Research Projects

Active Projects

Camp DIALOGS: Fostering Computer Science and AI Learning for Youth through Conversational Agent Development Experiences

Collaborators: Yukyeong Song, Gloria Katuka, Mehmet Celepkolu, Joanne Barrett, Christine Wise, Tom McKlin, Maya Israel, Kristy Boyer
University of Florida, LearnDialogue Lab

At Camp DIALOGS, we offer two-week AI summer camp experiences to middle school students residing in an under-resourced neighborhood in Gainesville, Florida. Aligned with AI4K12 big ideas, our curriculum incorporates foundational AI concepts, conversational AI, unplugged activities, and collaborative creation of conversational agents similar to Siri or Google Assistant.

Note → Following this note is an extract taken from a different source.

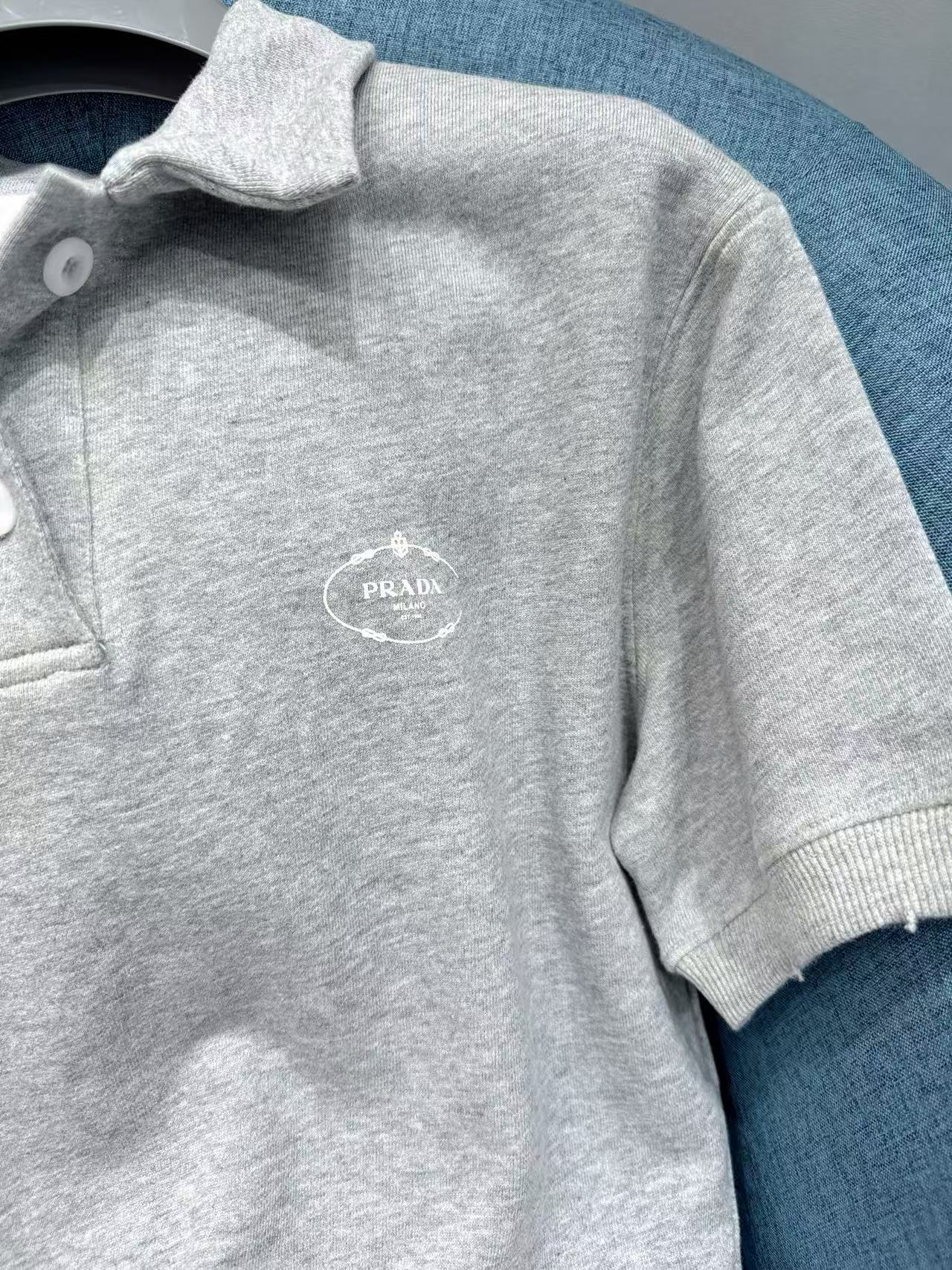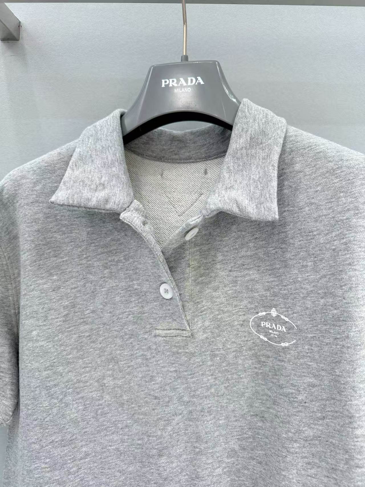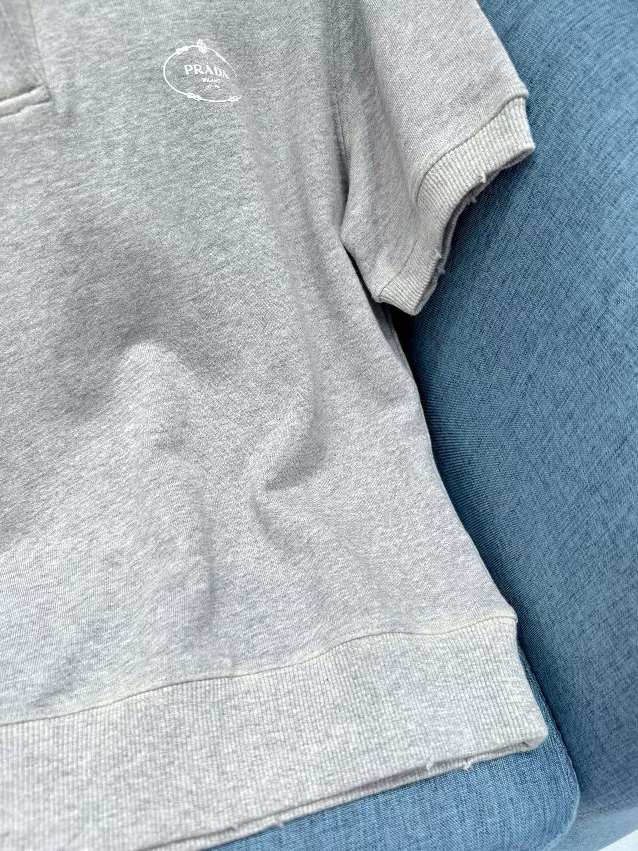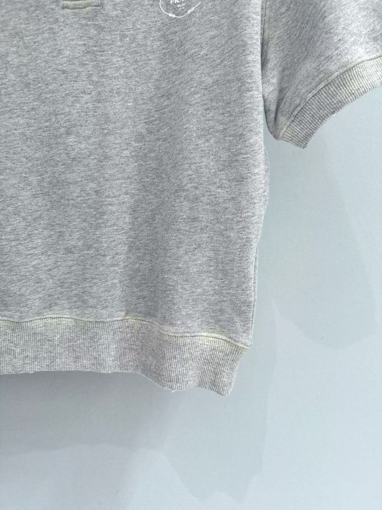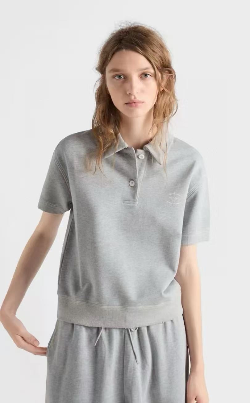2025早秋 Prada 灰色polo短袖 精品復刻,整體以做舊字母印花設計,帶出復古運動感。

Currently, there is a noticeable lack of tools developmentally suitable for youth learning to construct conversational applications. To address this, we have developed AMBY (“AI Made By You”), a novel development environment designed specifically for young individuals to create conversational agents. We have conducted contextual inquiries and usability studies with middle school students over 14 months to design AMBY to best suit their needs. In this environment, students can produce training data and design conversational flows for their agents. We have implemented AMBY in three summer camps over two years. During these sessions, learners enjoyed using AMBY to build their own conversational agents. They expressed that AMBY empowered them to develop personally meaningful projects. The results from our previous summer camps demonstrate significant increases in learners’ ability beliefs, willingness to share their learning experience, and intent to persist in AI learning. My dissertation research aims to scale up the deployment of AMBY by partnering with local middle schools to integrate it into formal curricula, such as science subjects. For this new learning context, we are exploring the students’ learning experiences and outcomes of our classroom intervention and the effectiveness of specific interface design features.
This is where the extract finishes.